Die EZB aber musste die wirtschaftliche Entwicklung und den Anstieg der Inflation in allen Ländern der Eurozone im Auge haben – und in manchen Staaten war man auf dem besten Weg in einen regelrechten Konsum- und/oder Immobilienboom. Für diese Länder war die Geldpolitik zu locker, für Deutschland war sie zu restriktiv.

Es wurde letztlich ein niedriges Zinsniveau festgelegt, ganz im Sinne der deutschen Politik. Für die meisten anderen Länder wäre ein höherer Zins dringend notwendig gewesen, da ihnen eine Überhitzung der Konjunktur drohte.

Ironie der Geschichte: ausgerechnet die deutschen Monetaristen um Hans-Werner Sinn erstritten eine Politik des billigen Geldes (womit sie natürlich später nichts mehr zu tun haben wollten).

Entgegen landläufiger Meinung beruhte die Verbesserung der deutschen Wettbewerbsfähigkeit daher auch nicht primär auf höheren Produktivitätszuwächsen, sondern auf Einfrieren deutscher Löhne, auf Schwächung des Binnenkonsums durch eine (3%-ige) Umsatzsteuer-Erhöhung und auf einer Güterpreis-Inflationsrate unterhalb des von der EZB vorgegebenen Ziels von 2%.

Das Kleinhalten der eigenen Binnennachfrage generierte finanzielle Sparüberschüsse, die als Geldströme ins Ausland gelangen und die Nachbarländer (via Billigkredit) zum Konsum der eigenen Produkte veranlassten. Logischerweise sanken die Investitionen in Deutschland daraufhin förmlich ins Bodenlose, während sie in den anderen Staaten von höheren Löhnen und Konsum angezogen wurden.

Deutschland investiert zu wenig
Grafik: Hans-Böckler-Stiftung

In dieser Zeit floss daher auch viel ausländisches Kapital, insbesondere vor allem deutsche Ersparnisse, in die anderen EWU-Länder. Das billige Geld löste in den Südländern einen Nachfrageboom aus, der insbesondere dem deutschen Export zugute kam. In Spanien und Irland wurden dadurch die Immobilienblasen erzeugt, die später in der Krise die öffentlichen und privaten Haushalte in den Ruin trieben.

Deutschland bremste also politisch ganz bewusst seine eigene Binnennachfrage mit dem Ziel, Exportüberschüsse einzufahren. Diese Politik konnte im ersten Jahrzehnt der 2000er Jahre funktionieren, weil Deutschlands Nachbarn nicht dieselbe Wirtschaftspolitik betrieben und weil durch die Zugehörigkeit zur gleichen Währungszone Deutschlands Währung nicht aufgewertet wurde.

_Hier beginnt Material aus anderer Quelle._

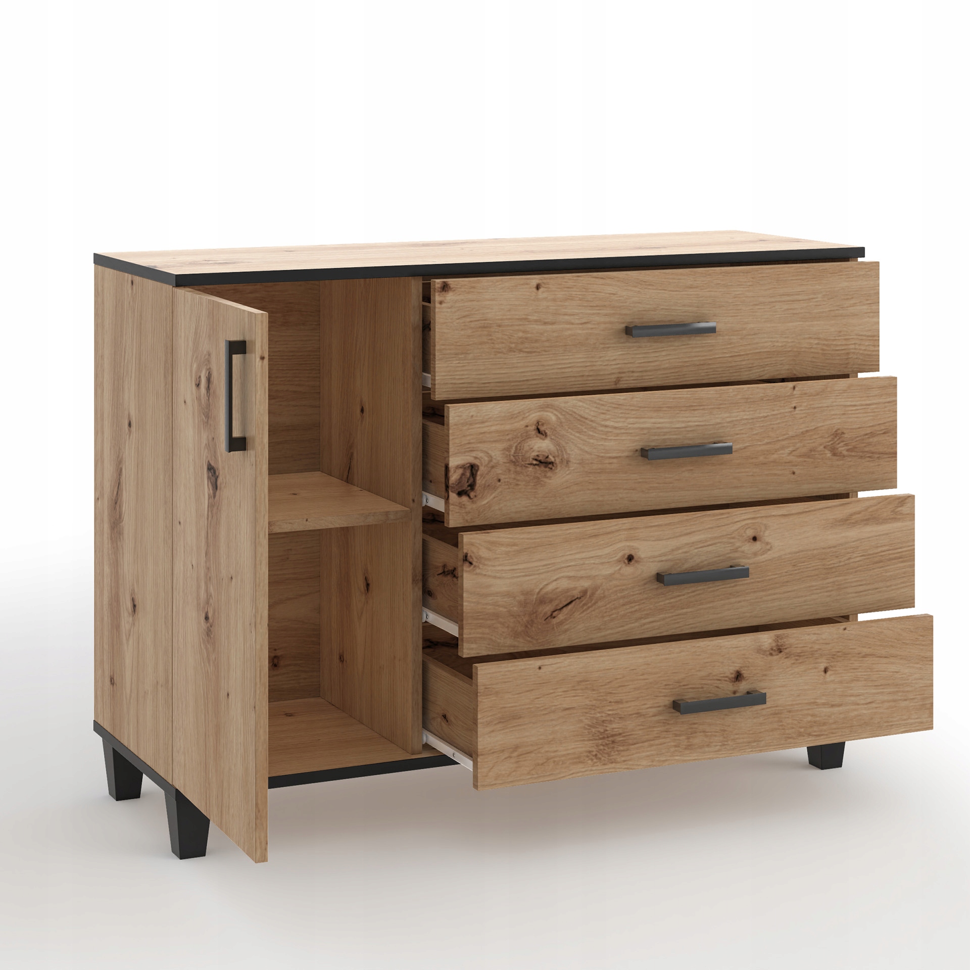 • dąb artisan + czarne wstawki

Wenn man denn überhaupt von der Geschichte vom kranken Mann Europas etwas lernen will, so ist es die Tatsache, dass es sich dabei um eine selbst verschuldete und verstärkte „Krankheit“ handelte, verursacht hauptsächlich durch falsche deutsche Wirtschaftspolitik.

Die deutsche Wirtschaft wies während der schlechten Jahre keineswegs überdurchschnittlich „verkrustete“ Arbeitsmärkte auf, sondern wurde durch eine ungewöhnlich schwache Binnennachfrage aufgrund einer ausgabenseitig restriktiven Finanzpolitik und einer extrem schwachen Lohnentwicklung ausgebremst.

Der Aufschwung gelang erst, als die Finanzpolitik gelockert wurde und sich die starken außen- wirtschaftlichen Impulse auf die Binnenwirtschaft übertragen konnten.

Neuere Studien legen allerdings nahe, dass eine andere, nicht nur einseitig auf angebotsseitige Strukturreformen konzentrierte Politik erfolgreicher gewesen wäre.